Prompt: Each record needs to be transcribed word for word, though without its pictures.

┌─ Entries supplied

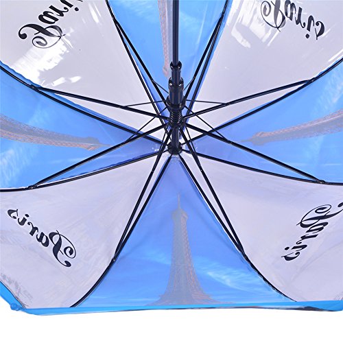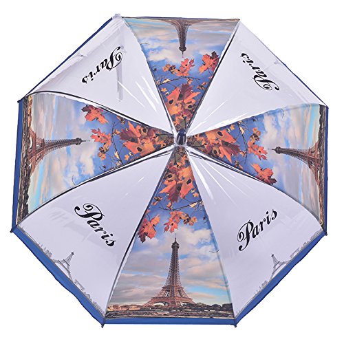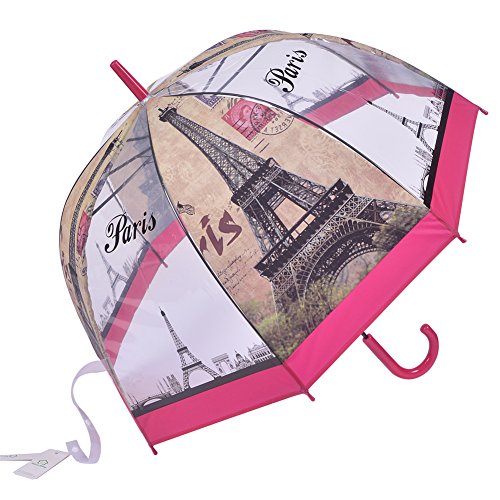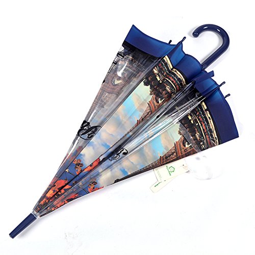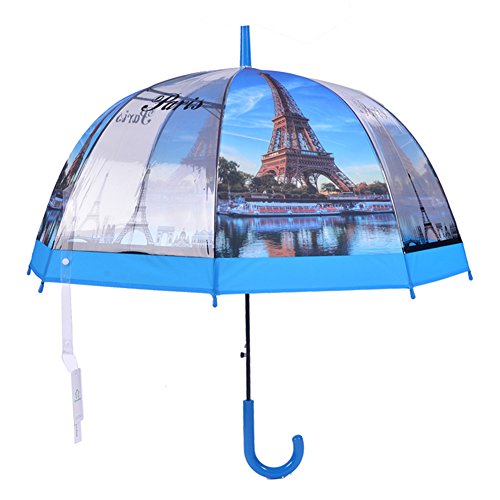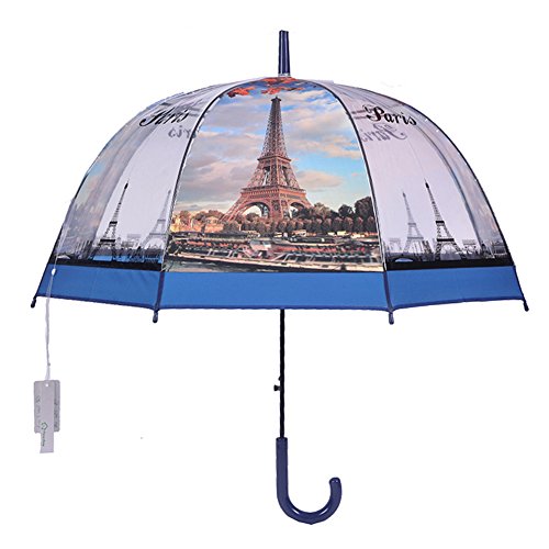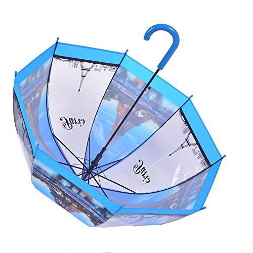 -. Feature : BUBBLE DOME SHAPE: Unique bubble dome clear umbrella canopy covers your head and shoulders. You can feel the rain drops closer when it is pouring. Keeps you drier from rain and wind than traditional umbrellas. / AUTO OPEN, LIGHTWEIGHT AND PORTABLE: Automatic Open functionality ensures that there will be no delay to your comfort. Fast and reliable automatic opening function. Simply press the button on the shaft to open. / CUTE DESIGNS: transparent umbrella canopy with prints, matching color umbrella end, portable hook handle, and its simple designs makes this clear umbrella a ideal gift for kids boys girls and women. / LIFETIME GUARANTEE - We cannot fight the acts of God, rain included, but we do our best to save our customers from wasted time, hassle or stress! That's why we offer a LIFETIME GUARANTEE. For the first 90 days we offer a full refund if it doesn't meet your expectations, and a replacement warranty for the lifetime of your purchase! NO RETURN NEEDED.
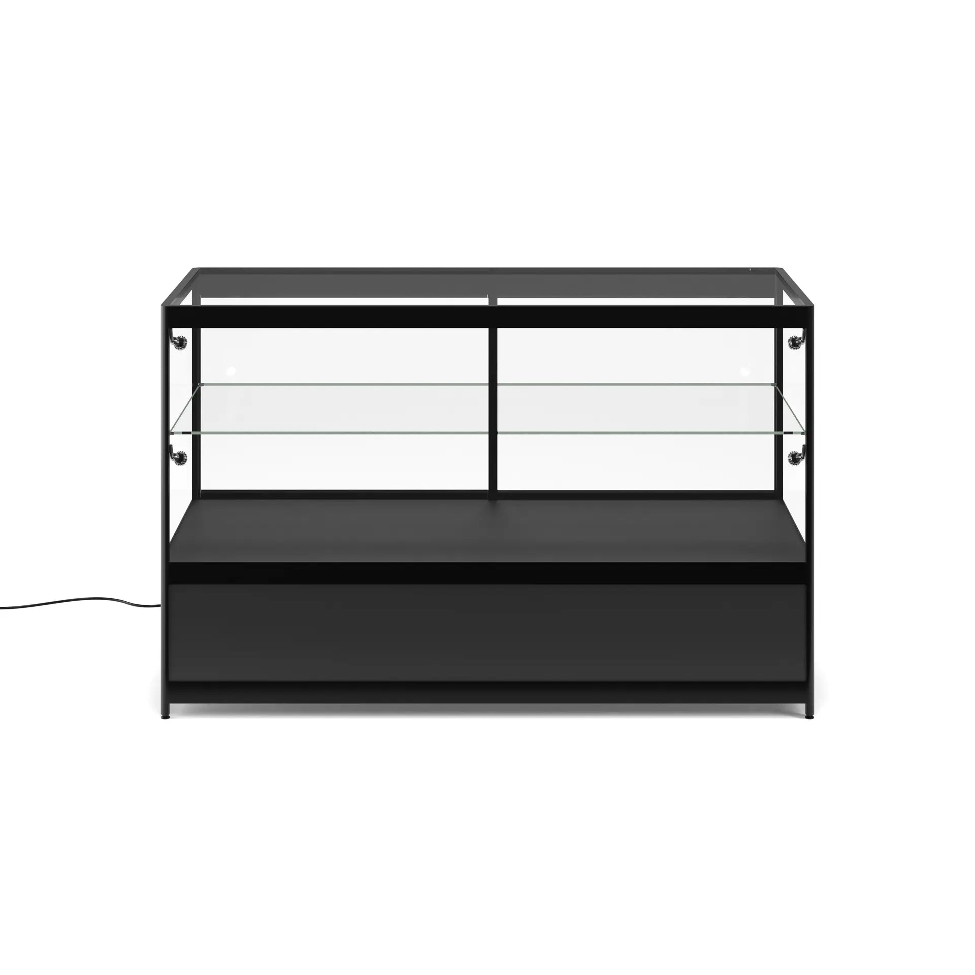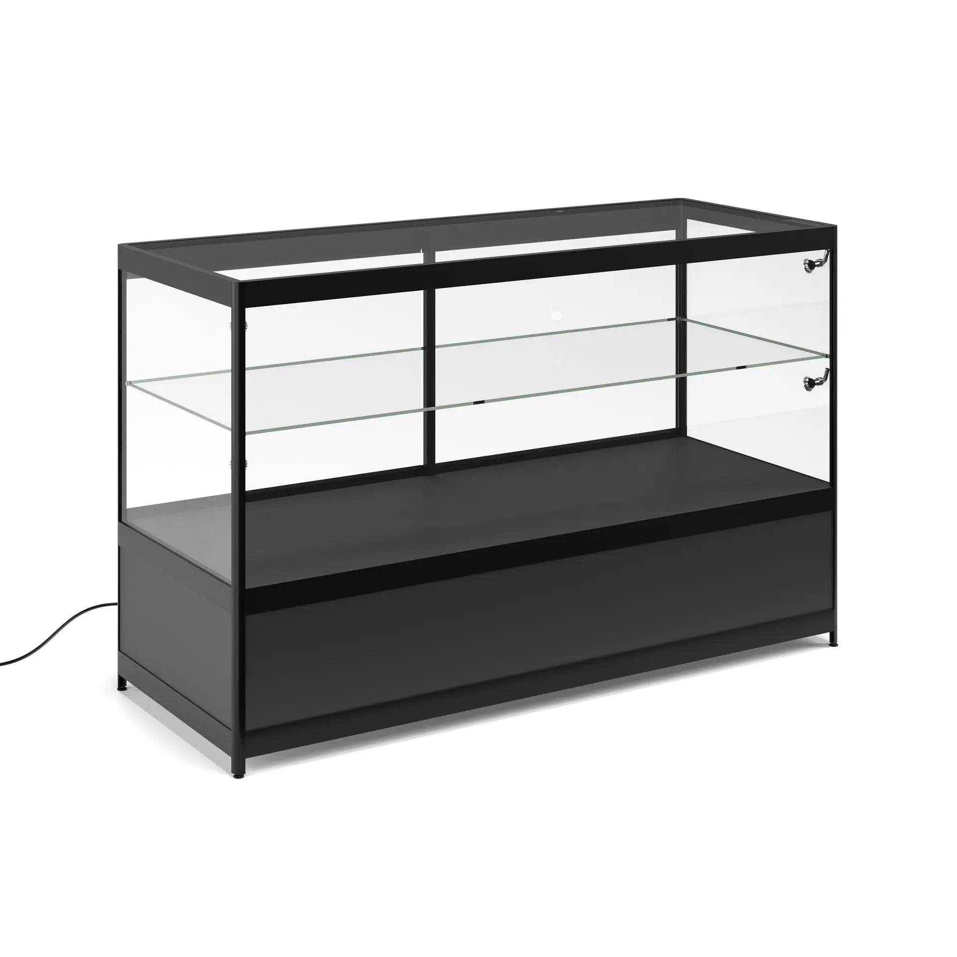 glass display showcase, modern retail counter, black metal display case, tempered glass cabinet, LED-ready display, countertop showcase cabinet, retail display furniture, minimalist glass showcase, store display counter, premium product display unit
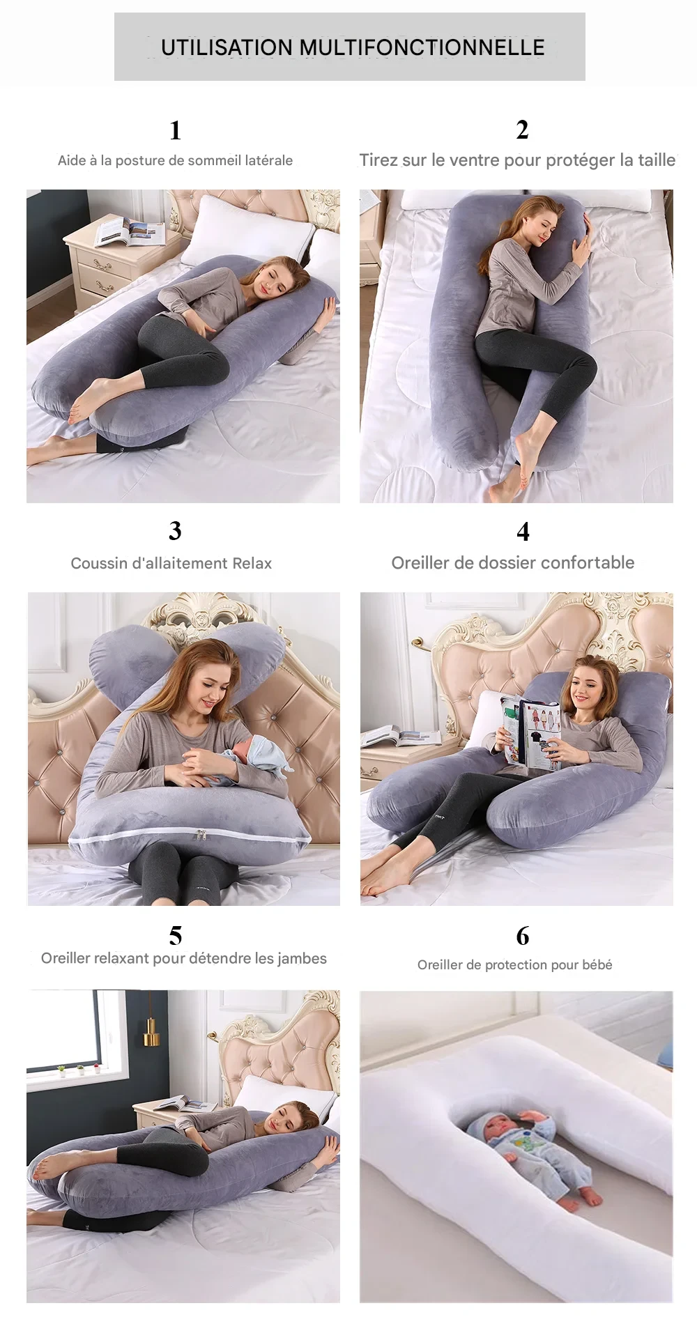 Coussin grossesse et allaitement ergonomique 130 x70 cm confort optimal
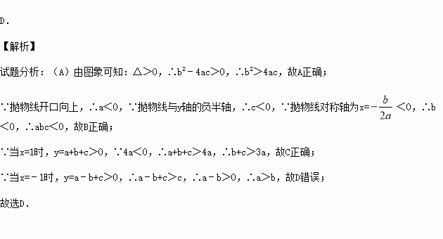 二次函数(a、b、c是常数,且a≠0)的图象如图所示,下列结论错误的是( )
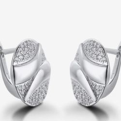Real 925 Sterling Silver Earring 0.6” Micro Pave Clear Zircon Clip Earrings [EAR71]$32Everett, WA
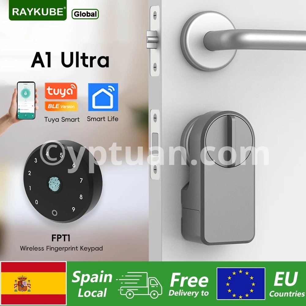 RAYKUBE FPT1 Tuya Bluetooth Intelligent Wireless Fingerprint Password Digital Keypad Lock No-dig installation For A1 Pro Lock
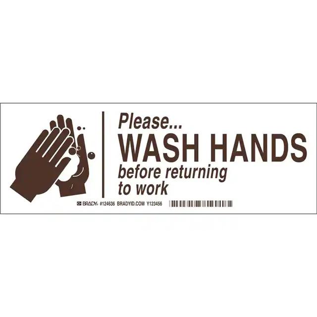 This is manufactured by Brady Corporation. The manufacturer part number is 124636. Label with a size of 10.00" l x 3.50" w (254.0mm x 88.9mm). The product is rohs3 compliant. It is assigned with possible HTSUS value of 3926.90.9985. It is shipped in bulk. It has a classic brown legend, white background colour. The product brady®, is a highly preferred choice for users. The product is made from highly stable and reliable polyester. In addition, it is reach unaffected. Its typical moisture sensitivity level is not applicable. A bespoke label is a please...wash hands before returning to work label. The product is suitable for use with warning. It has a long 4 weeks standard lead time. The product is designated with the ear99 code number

└─

Your solution:
 -. Feature : BUBBLE DOME SHAPE: Unique bubble dome clear umbrella canopy covers your head and shoulders. You can feel the rain drops closer when it is pouring. Keeps you drier from rain and wind than traditional umbrellas. / AUTO OPEN, LIGHTWEIGHT AND PORTABLE: Automatic Open functionality ensures that there will be no delay to your comfort. Fast and reliable automatic opening function. Simply press the button on the shaft to open. / CUTE DESIGNS: transparent umbrella canopy with prints, matching color umbrella end, portable hook handle, and its simple designs makes this clear umbrella a ideal gift for kids boys girls and women. / LIFETIME GUARANTEE - We cannot fight the acts of God, rain included, but we do our best to save our customers from wasted time, hassle or stress! That's why we offer a LIFETIME GUARANTEE. For the first 90 days we offer a full refund if it doesn't meet your expectations, and a replacement warranty for the lifetime of your purchase! NO RETURN NEEDED.
 glass display showcase, modern retail counter, black metal display case, tempered glass cabinet, LED-ready display, countertop showcase cabinet, retail display furniture, minimalist glass showcase, store display counter, premium product display unit
 Coussin grossesse et allaitement ergonomique 130 x70 cm confort optimal
 二次函数(a、b、c是常数,且a≠0)的图象如图所示,下列结论错误的是( )
Real 925 Sterling Silver Earring 0.6” Micro Pave Clear Zircon Clip Earrings [EAR71]$32Everett, WA
 RAYKUBE FPT1 Tuya Bluetooth Intelligent Wireless Fingerprint Password Digital Keypad Lock No-dig installation For A1 Pro Lock
 This is manufactured by Brady Corporation. The manufacturer part number is 124636. Label with a size of 10.00" l x 3.50" w (254.0mm x 88.9mm). The product is rohs3 compliant. It is assigned with possible HTSUS value of 3926.90.9985. It is shipped in bulk. It has a classic brown legend, white background colour. The product brady®, is a highly preferred choice for users. The product is made from highly stable and reliable polyester. In addition, it is reach unaffected. Its typical moisture sensitivity level is not applicable. A bespoke label is a please...wash hands before returning to work label. The product is suitable for use with warning. It has a long 4 weeks standard lead time. The product is designated with the ear99 code number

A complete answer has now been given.